Technical Projects

Hands-on implementations focusing on ML systems, NLP, and production deployment

CS Career Pathway Explorer
Independent Project | Jan 2026 - May 2026 |Completed
Code

Problem Definition

CS students struggle to figure out their ideal career path based on their skills, leading to confusion about which roles to pursue and what skills to develop.

Approach

A full-stack AI-powered career guidance platform that semantically matches user skills to 244+ tech roles using BERT embeddings, identifies skill gaps, and generates personalized learning roadmaps with course recommendations.

Implementation Details

  • User inputs their skills → BERT model (sentence-transformers) semantically matches them to 244+ tech roles from O*NET data
  • Skill gap analysis engine calculates what skills are missing for target roles
  • Interactive career roadmap visualization using React Flow showing progression paths
  • Claude API integration for plain-English explanations of recommendations using RAG (Retrieval-Augmented Generation)
  • YouTube API integration to recommend relevant courses for filling skill gaps
  • Resume upload feature with PDF parsing to auto-extract user skills
  • FastAPI backend with SQLite database for data persistence
  • React frontend with 8 pages for seamless user experience
  • Comprehensive test suite with 42 unit and integration tests

Technology Stack

Python
FastAPI
SQLite
React.js
BERT (sentence-transformers)
Claude API
YouTube API
React Flow
PDF Parsing
O*NET Database

Results & Evaluation

Platform supports 244 O*NET roles + 15 custom modern roles (AI Engineer, DevOps Engineer, Cloud Architect, etc.). Built 8 React pages with 42 comprehensive tests. Provides skill-to-role matching, gap analysis, and personalized learning paths.

Key Learnings

Deep dive into semantic similarity matching with BERT embeddings, RAG implementation with Claude API for contextual explanations, building interactive data visualizations with React Flow, and creating scalable career recommendation systems.
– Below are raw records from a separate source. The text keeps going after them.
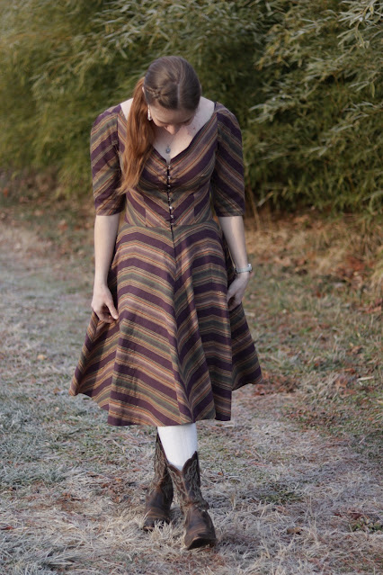 I would have felt more comfortable if I'd had 4 yards of fabric to work with for this design, rather than just 3, but with careful cutting and a little inconspicuous piecing on one of the back skirt panels and a sleeve, I made it work.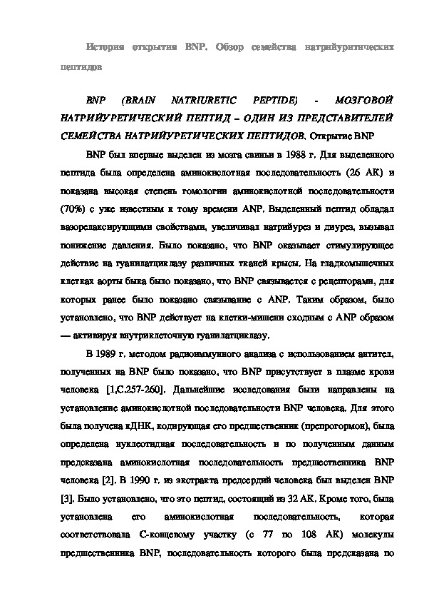 Список литературы........................................................................................26История открытия BNP. Обзор семейства натрийуритических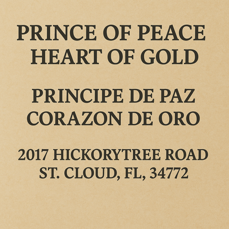 Prince Of Peace Heart Of Gold is a church in St. Cloud, Florida, dedicated to creating a welcoming and inclusive space where faith meets family. We believe in spreading love, kindness, and hope to all who walk through our doors.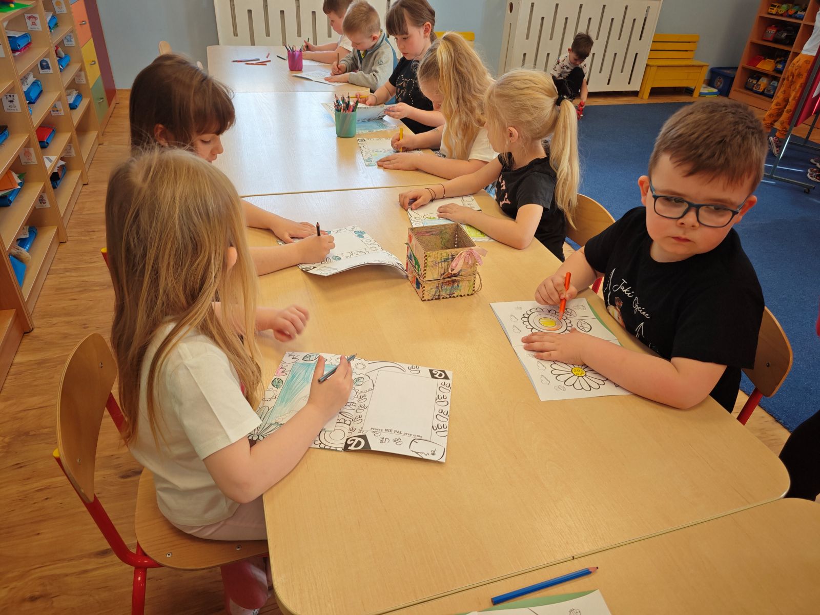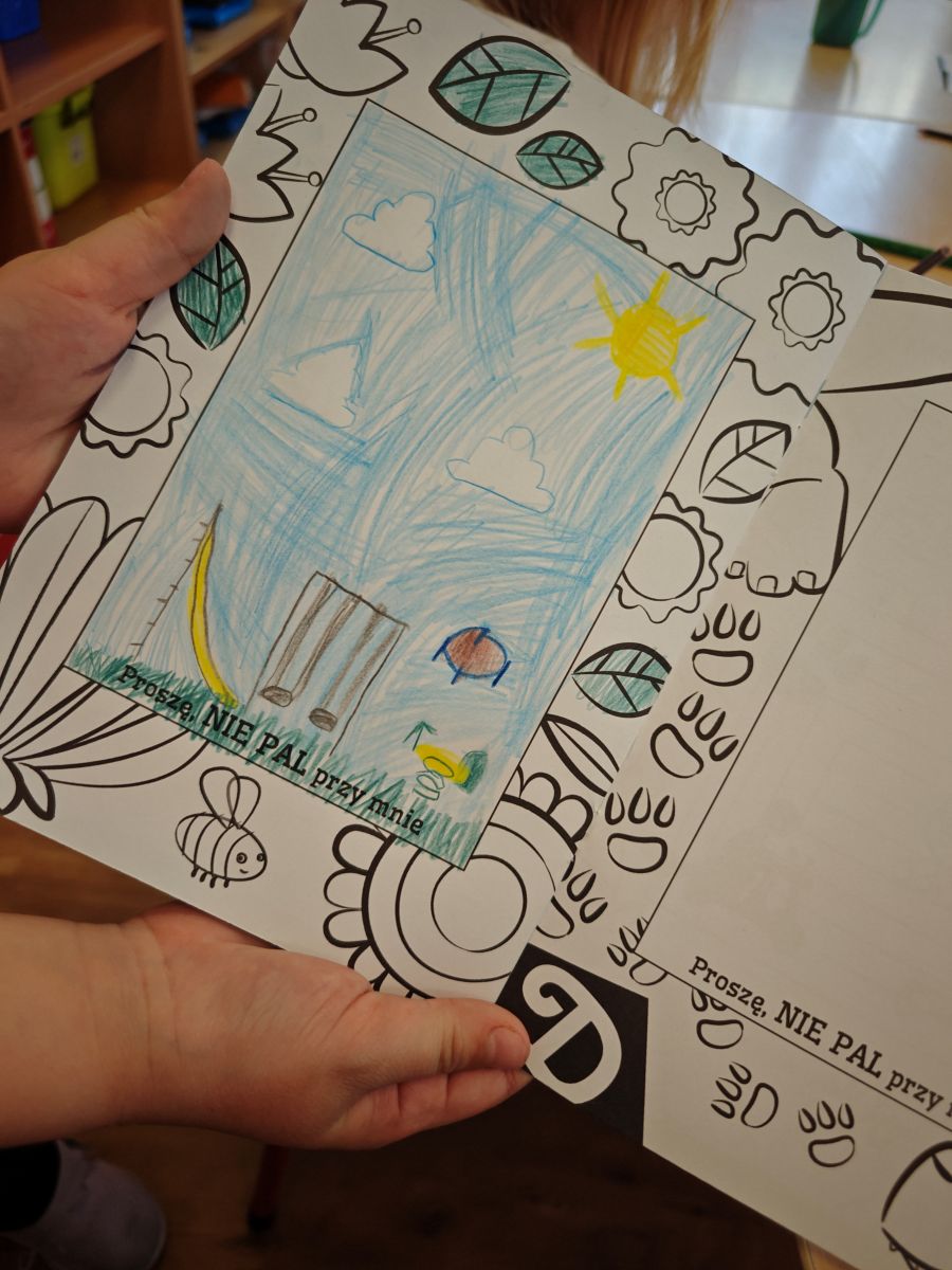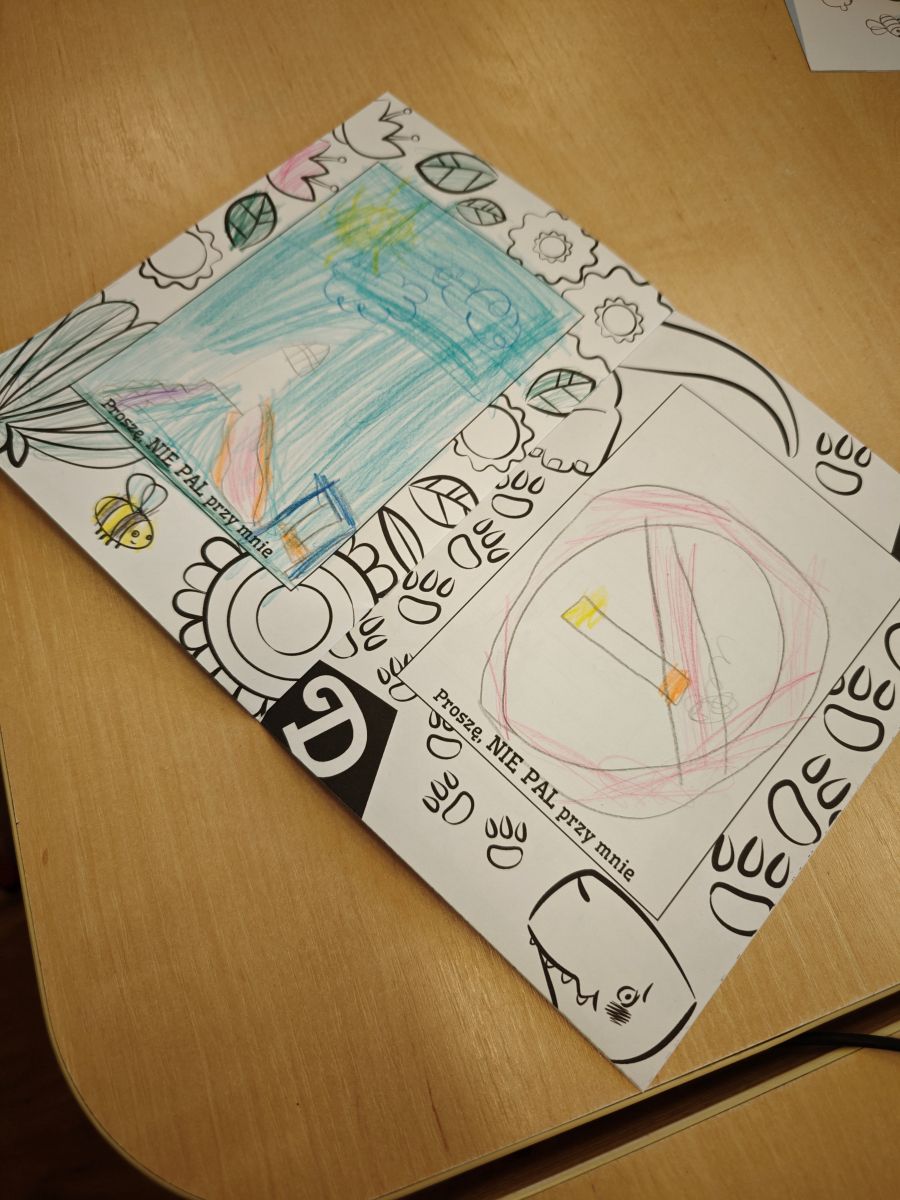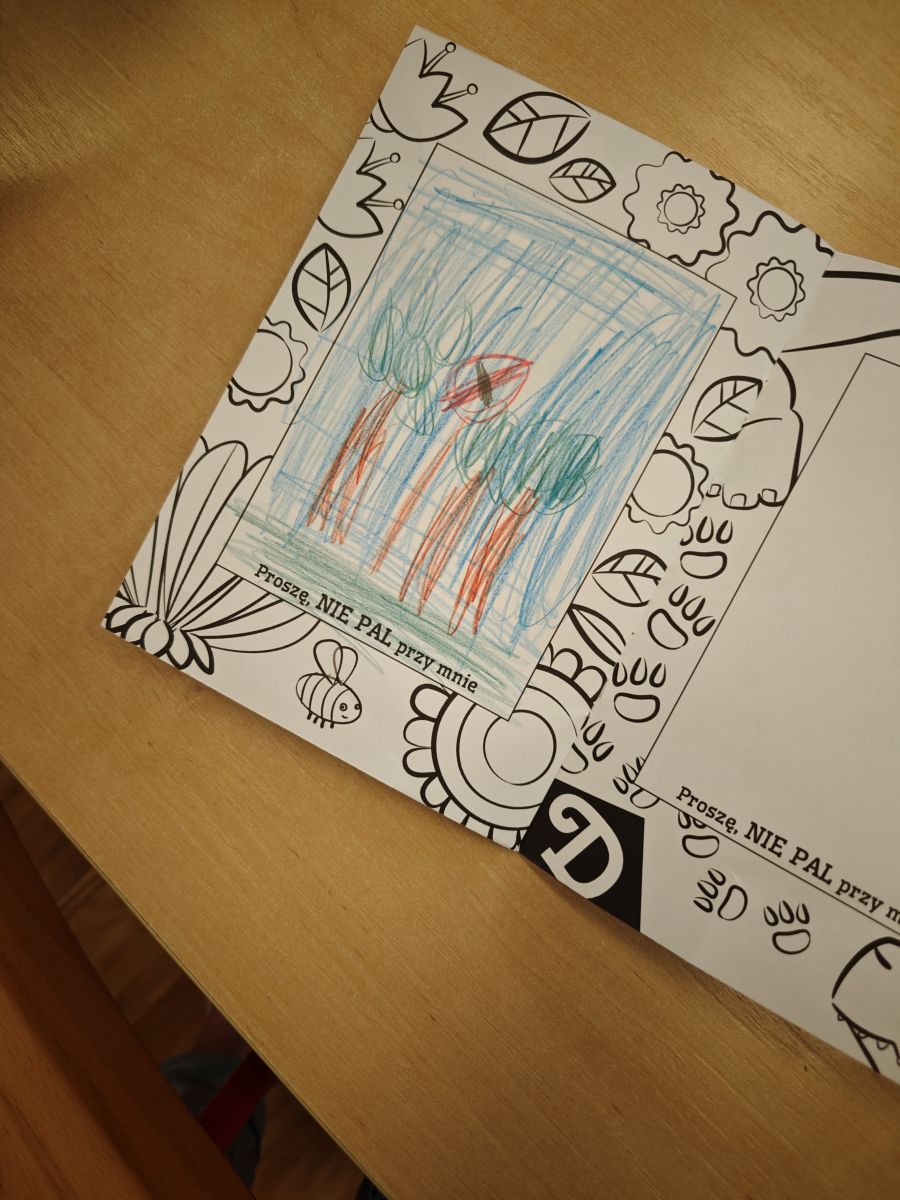 Na zakończenie zajęć mali artyści chwycili za kredki 🖍️ i przelali swoje pomysły na papier. Powstały przepiękne prace przedstawiające „Moje bezpieczne miejsce wolne od dymu”. 🎨🏠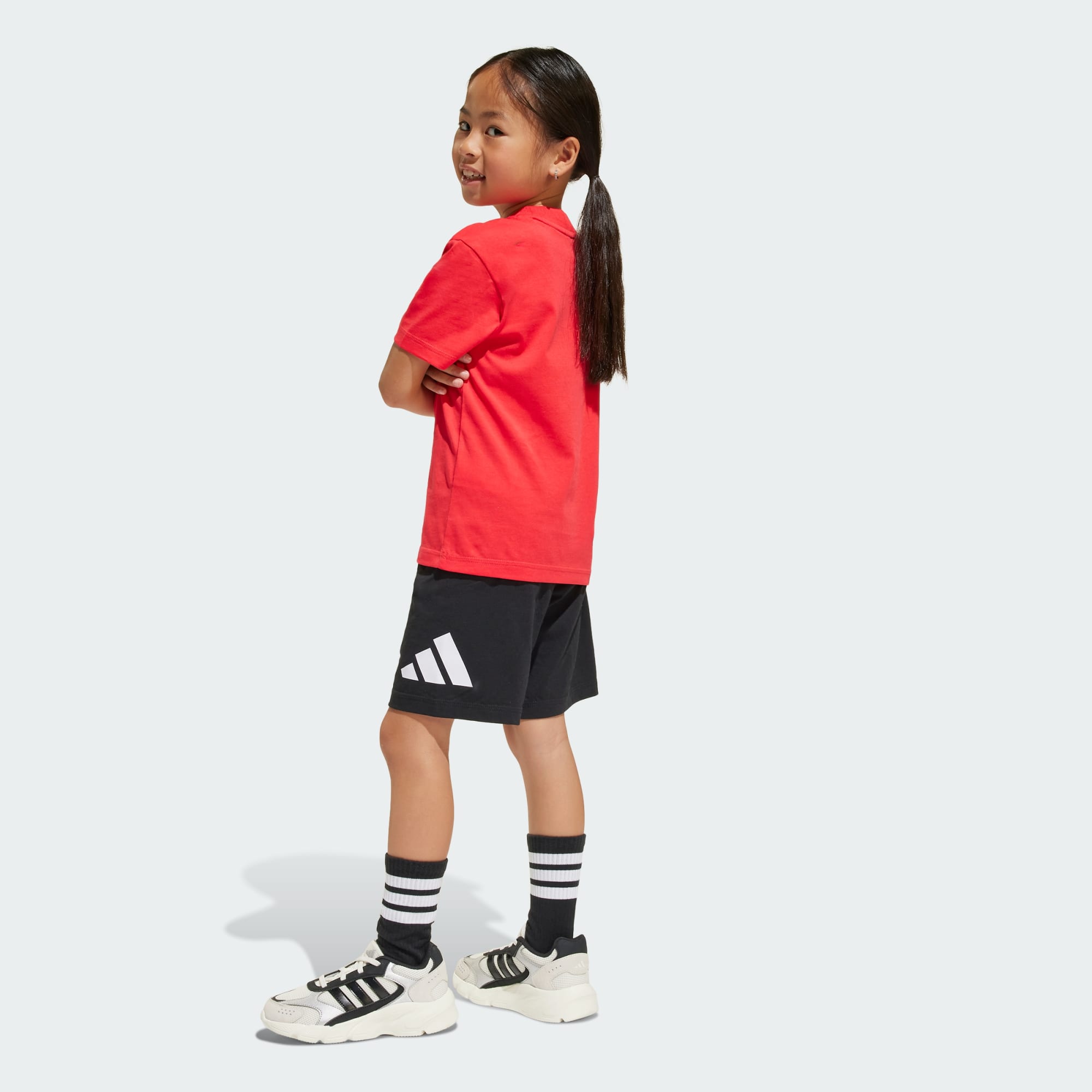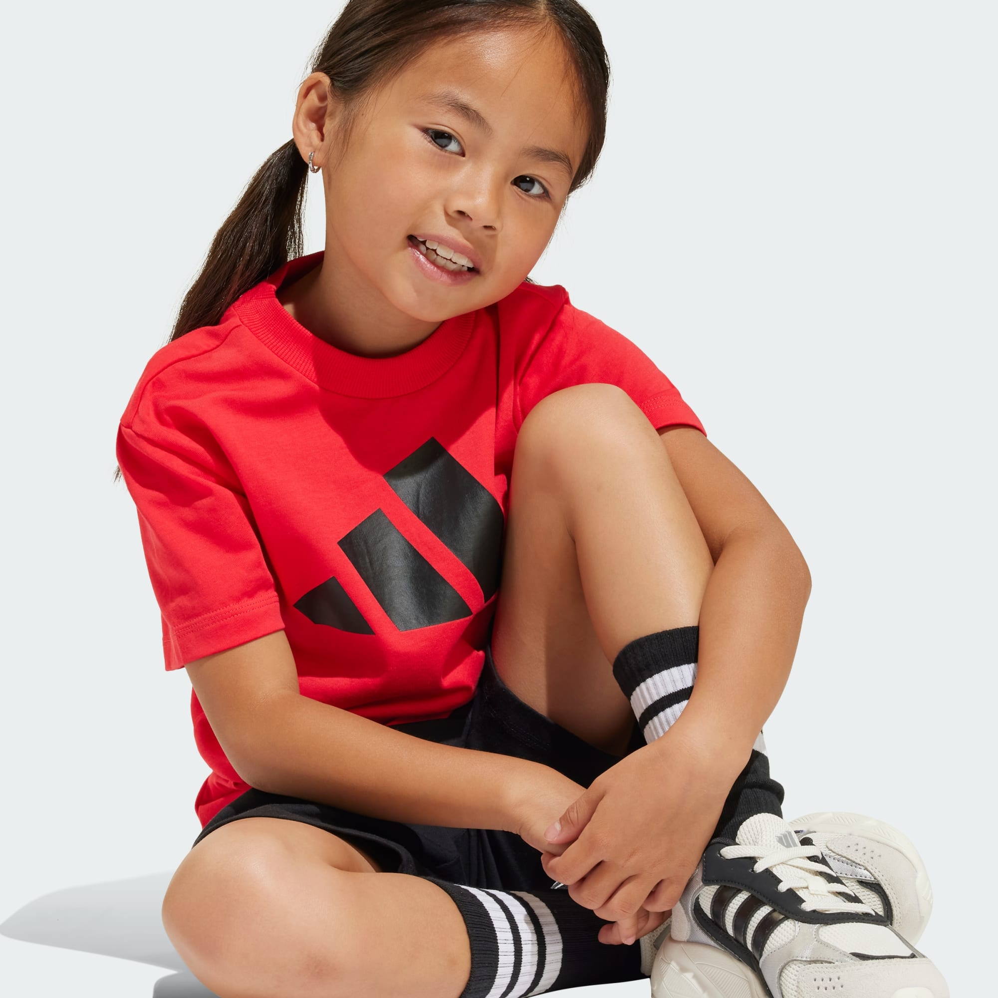 A kids' tee-and-shorts set with plenty of brand pride.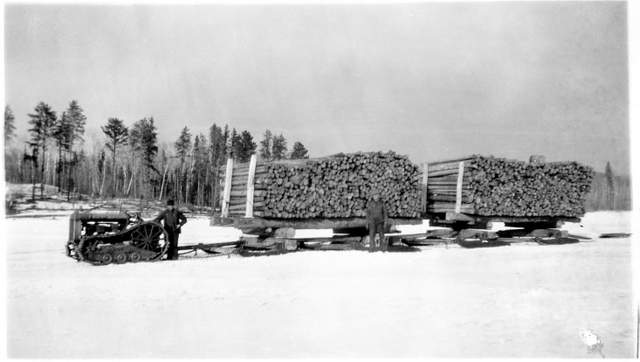 Tractor hauling logs on snow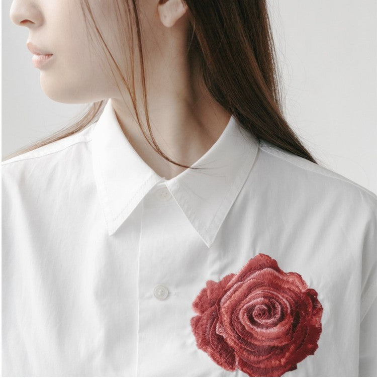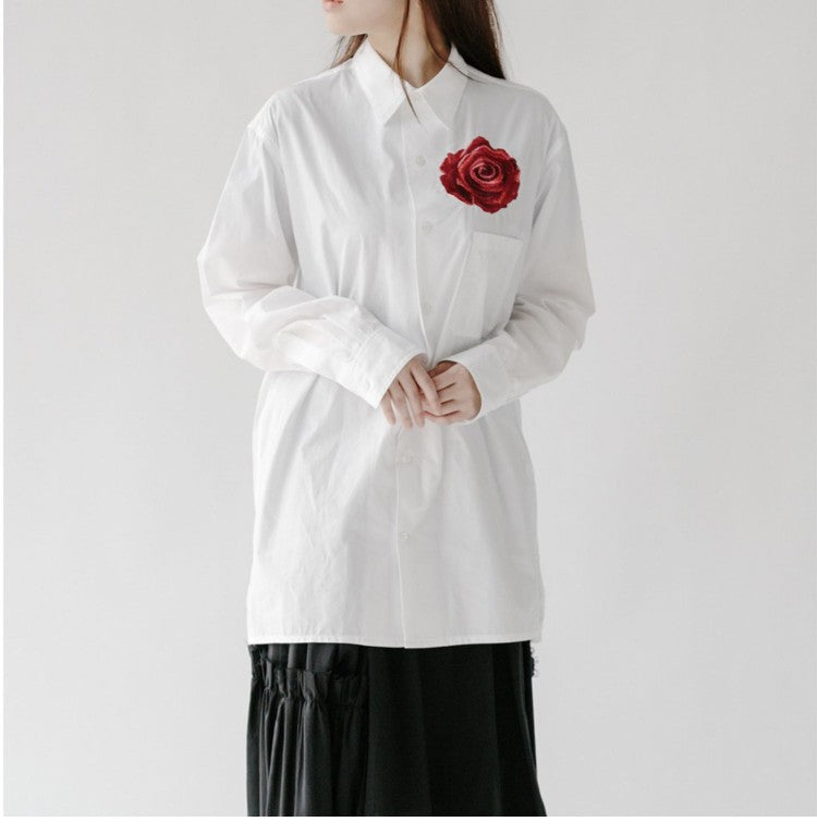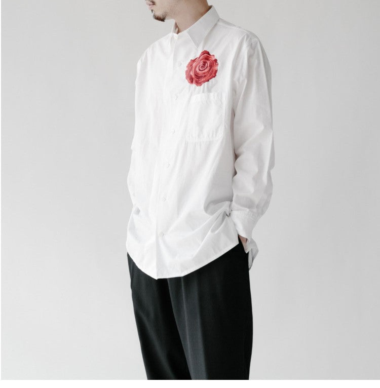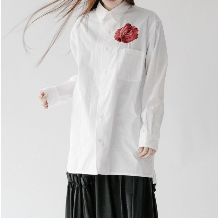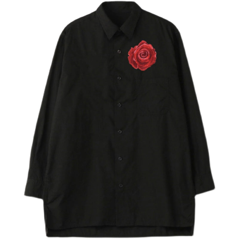 Donclickin Yohji Yamamoto Floral Embroidered Shirt - Night Blooming Rose Cotton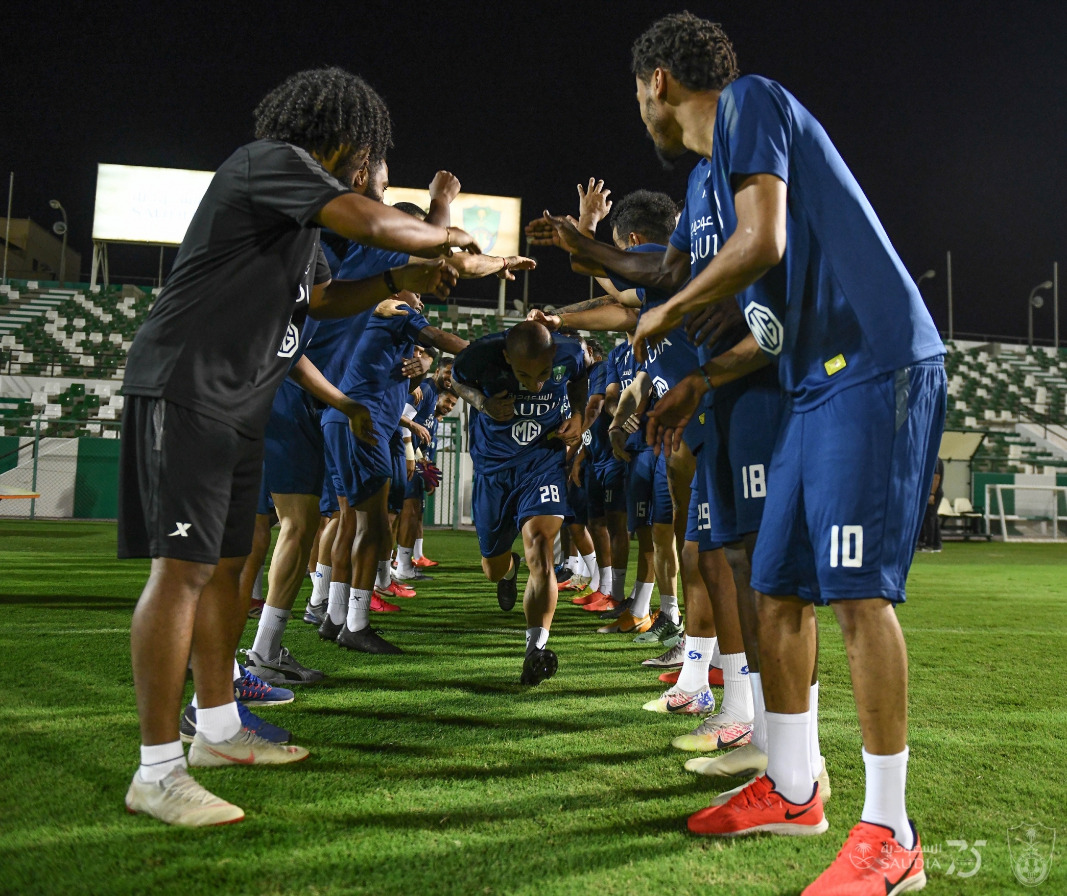 شارك المهاجم الروماني ألكسندرو ميتريتا في تدريبات الفريق الأول لكرة القدم بالنادي الأهلي الجماعية للمرة الأولى، مساء اليوم الاثنين. ميتريتا يُنعش المران: ونشر حساب النادي الأهلي الرسمي على موقع التدوينات القصيرة "تويتر"، صورًا لمشاركة ميتريتا في المران الجماعي اليوم، وسط حفاوة وترحيب من لاعبي الفريق الأول لكرة القدم. وكان النادي الأهلي قد تعاقد مع المهاجم الروماني مؤخرًا لتدعيم صفوفه على سبيل الإعارة حتى يناير عام 2022، قادمًا من الفريق الأول لكرة القدم بنادي نيويورك سيتي الأمريكي، ويمكن الاطلاع عبر الرابط التالي (اضغط هنا). المهاجم الروماني في المران الأهلي في دوري محمد بن سلمان: وبدأ النادي الأهلي مشواره في دوري كأس الأمير محمد بن سلمان للمحترفين بمواجهة الباطن بالأمس، وانتهت المباراة بفوز الراقي بهدف دون رد سجله اللاعب سلمان المؤشر في الشوط الأول، ويمكن الاطلاع عبر الرابط التالي (اضغط هنا). ويستعد الفريق الأول لكرة القدم بالنادي الأهلي لمواجهة نظيره الوحدة، مساء يوم الخميس المقبل، ضمن منافسات الجولة الثانية من دوري كأس الأمير محمد بن سلمان للمحترفين. ألكسندرو جانب من المباراة

ATE Log Analyzer & PCB Yield Tracker
Independent Project | April 2026 - Present |In Development
Code

Problem Definition

Manufacturing teams need to analyze ATE test logs and track PCB yield across multiple board types, but manual analysis is time-consuming and error-prone.

Approach

A Python-based ATE log analysis and PCB yield tracking tool that automates log parsing, classifies hardware failure modes, and generates comprehensive defect reports with trend analysis.

Implementation Details

  • Engineered Python tool to parse ATE-style test logs in CSV and JSON format
  • Extracted per-board pass/fail records and computed yield KPIs across test steps
  • Built SMT data analytics engine that classifies hardware failure modes (opens, shorts, parametric deviations) by board type and test step
  • Generated ranked defect reports with trend charts for actionable insights
  • Integrated SQLite traceability store logging board ID, test step, result, and timestamp for audit trail
  • Implemented failure trend query system for historical analysis
  • Validated with 18 pytest cases covering log parser accuracy, failure classification logic, yield computation, and PDF report generation
  • Achieved zero regressions across all test cases

Technology Stack

Python
SQLite
pytest
pandas
PDF Generation
CSV Parsing
JSON Parsing
Data Analytics

Results & Evaluation

Successfully analyzed test logs for 150 boards across three board types. Automated defect classification and yield tracking, reducing manual analysis time. Comprehensive test coverage with 18 pytest cases ensures reliability.

Key Learnings

Gained expertise in ATE log parsing, SMT data analytics, hardware failure mode classification, yield analysis, defect trending, and building robust test automation with pytest.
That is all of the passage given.